## ASSIGNMENT
Omit the pictures and retype only the lines from the one containing "Frosted double glazed" through the end of the listing, both ends included.
----
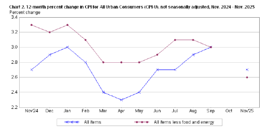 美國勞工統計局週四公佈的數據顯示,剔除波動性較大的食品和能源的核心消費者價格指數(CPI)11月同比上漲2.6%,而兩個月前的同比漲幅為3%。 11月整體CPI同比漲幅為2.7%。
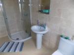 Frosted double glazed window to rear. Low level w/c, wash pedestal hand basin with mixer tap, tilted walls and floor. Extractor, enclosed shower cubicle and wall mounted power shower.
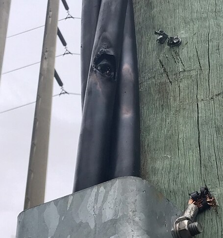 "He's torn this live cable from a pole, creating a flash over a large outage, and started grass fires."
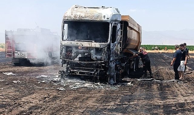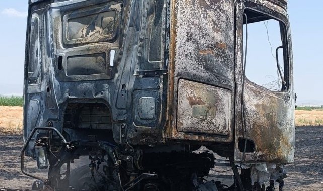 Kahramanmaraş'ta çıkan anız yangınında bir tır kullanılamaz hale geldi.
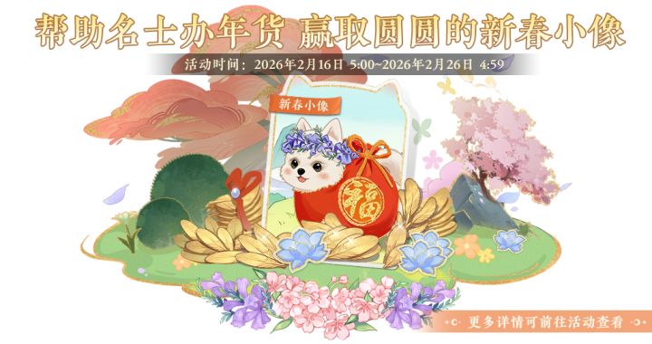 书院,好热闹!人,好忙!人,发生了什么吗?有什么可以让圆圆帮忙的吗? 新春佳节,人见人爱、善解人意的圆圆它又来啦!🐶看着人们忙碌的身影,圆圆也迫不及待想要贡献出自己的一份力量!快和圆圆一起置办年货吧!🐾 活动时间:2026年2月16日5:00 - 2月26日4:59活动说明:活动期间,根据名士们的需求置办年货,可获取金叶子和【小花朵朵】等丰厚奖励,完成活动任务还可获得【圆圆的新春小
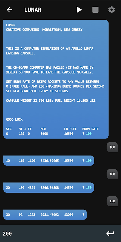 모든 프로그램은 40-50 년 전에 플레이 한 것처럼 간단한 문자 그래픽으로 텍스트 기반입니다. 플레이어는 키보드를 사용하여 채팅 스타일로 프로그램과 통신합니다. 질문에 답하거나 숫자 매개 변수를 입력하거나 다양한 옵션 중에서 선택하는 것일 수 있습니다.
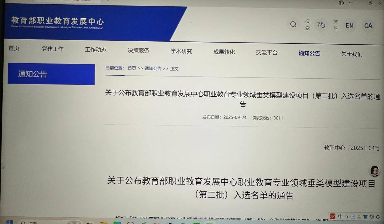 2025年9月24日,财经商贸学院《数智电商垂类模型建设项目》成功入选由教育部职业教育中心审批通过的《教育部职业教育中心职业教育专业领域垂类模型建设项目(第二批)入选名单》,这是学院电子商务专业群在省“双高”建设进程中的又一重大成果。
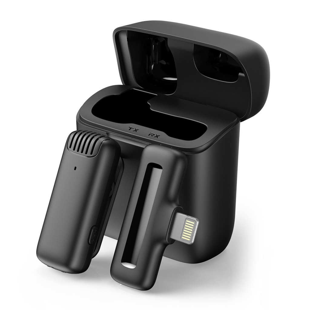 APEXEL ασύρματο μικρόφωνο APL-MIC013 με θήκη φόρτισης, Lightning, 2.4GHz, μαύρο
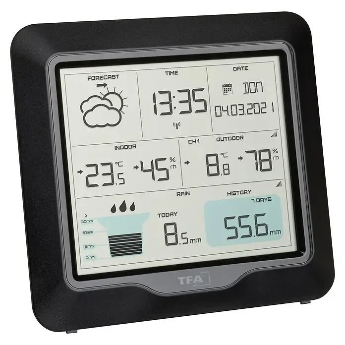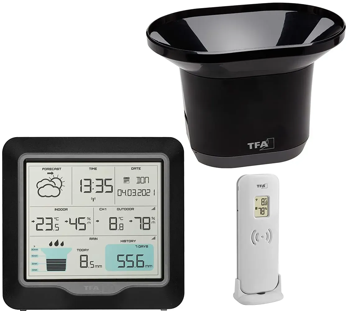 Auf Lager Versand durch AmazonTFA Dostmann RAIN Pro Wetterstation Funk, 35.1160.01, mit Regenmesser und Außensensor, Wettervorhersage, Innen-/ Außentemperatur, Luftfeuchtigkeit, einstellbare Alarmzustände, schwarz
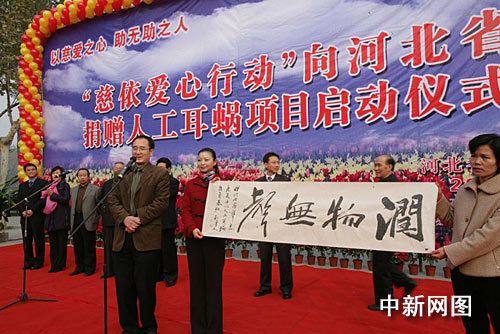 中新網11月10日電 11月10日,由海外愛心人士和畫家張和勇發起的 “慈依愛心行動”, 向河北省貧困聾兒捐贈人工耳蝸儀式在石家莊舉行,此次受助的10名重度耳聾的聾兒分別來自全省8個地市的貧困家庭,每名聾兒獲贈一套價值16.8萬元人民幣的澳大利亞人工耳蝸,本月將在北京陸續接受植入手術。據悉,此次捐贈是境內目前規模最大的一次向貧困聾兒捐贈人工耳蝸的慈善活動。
----
## ANSWER
 Frosted double glazed window to rear. Low level w/c, wash pedestal hand basin with mixer tap, tilted walls and floor. Extractor, enclosed shower cubicle and wall mounted power shower.
 "He's torn this live cable from a pole, creating a flash over a large outage, and started grass fires."
 Kahramanmaraş'ta çıkan anız yangınında bir tır kullanılamaz hale geldi.
 书院,好热闹!人,好忙!人,发生了什么吗?有什么可以让圆圆帮忙的吗? 新春佳节,人见人爱、善解人意的圆圆它又来啦!🐶看着人们忙碌的身影,圆圆也迫不及待想要贡献出自己的一份力量!快和圆圆一起置办年货吧!🐾 活动时间:2026年2月16日5:00 - 2月26日4:59活动说明:活动期间,根据名士们的需求置办年货,可获取金叶子和【小花朵朵】等丰厚奖励,完成活动任务还可获得【圆圆的新春小
 모든 프로그램은 40-50 년 전에 플레이 한 것처럼 간단한 문자 그래픽으로 텍스트 기반입니다. 플레이어는 키보드를 사용하여 채팅 스타일로 프로그램과 통신합니다. 질문에 답하거나 숫자 매개 변수를 입력하거나 다양한 옵션 중에서 선택하는 것일 수 있습니다.
 2025年9月24日,财经商贸学院《数智电商垂类模型建设项目》成功入选由教育部职业教育中心审批通过的《教育部职业教育中心职业教育专业领域垂类模型建设项目(第二批)入选名单》,这是学院电子商务专业群在省“双高”建设进程中的又一重大成果。
 APEXEL ασύρματο μικρόφωνο APL-MIC013 με θήκη φόρτισης, Lightning, 2.4GHz, μαύρο
 Auf Lager Versand durch AmazonTFA Dostmann RAIN Pro Wetterstation Funk, 35.1160.01, mit Regenmesser und Außensensor, Wettervorhersage, Innen-/ Außentemperatur, Luftfeuchtigkeit, einstellbare Alarmzustände, schwarz
 中新網11月10日電 11月10日,由海外愛心人士和畫家張和勇發起的 “慈依愛心行動”, 向河北省貧困聾兒捐贈人工耳蝸儀式在石家莊舉行,此次受助的10名重度耳聾的聾兒分別來自全省8個地市的貧困家庭,每名聾兒獲贈一套價值16.8萬元人民幣的澳大利亞人工耳蝸,本月將在北京陸續接受植入手術。據悉,此次捐贈是境內目前規模最大的一次向貧困聾兒捐贈人工耳蝸的慈善活動。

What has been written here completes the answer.